Acute respiratory distress syndrome (ARDS) continues to contribute significantly to the disease burden in today’s arena of pediatric critical care medicine. It is an acute, diffuse, inflammatory lung injury caused by diverse pulmonary and nonpulmonary etiologies. Pathophysiology is characterized by increased vascular permeability, increased lung weight, and loss of aerated tissue within 7 days of insult. Hypoxemia, new pulmonary opacities (unilateral or bilateral) on chest imaging, decreased lung compliance, and increased physiological dead space are telltale clinical signs. See the image below. Diffuse alveolar damage characterized by edema, inflammation, hyaline membrane formation, or pulmonary hemorrhage is the pathological hallmark. [1, 2, 3]

Chest radiograph in 3-year-old girl who developed Chest radiograph in 3-year-old girl who developed acute respiratory distress syndrome due to overwhelming gram-negative sepsis.

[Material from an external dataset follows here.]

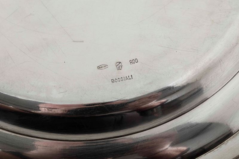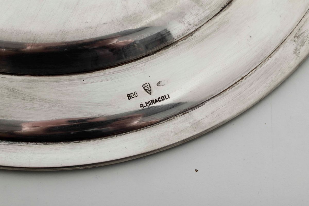 (6 piatti Argenteria Boggioli Milano gr. 1350 tot, 4 piatti Argenteria Miracoli Milano gr. 930 tot, 1 piatto da portata Calderoni Gioielli Milano gr. 475)

Salient features include endotracheal tube; diffuse, bilateral infiltrates; air bronchograms on left side; and central venous catheter. Ratio of arterial oxygen tension to fraction of inspired oxygen at time of chest radiography was 100.

The taxonomy of ARDS has evolved over the decades. The most recent definition was outlined by a panel of 56 pediatric experts known as the Pediatric Acute Lung Injury Consensus Conference (PALICC-2) Group in 2023. [3]  The most recently updated pediatric ARDS (PARDS) definition is as follows.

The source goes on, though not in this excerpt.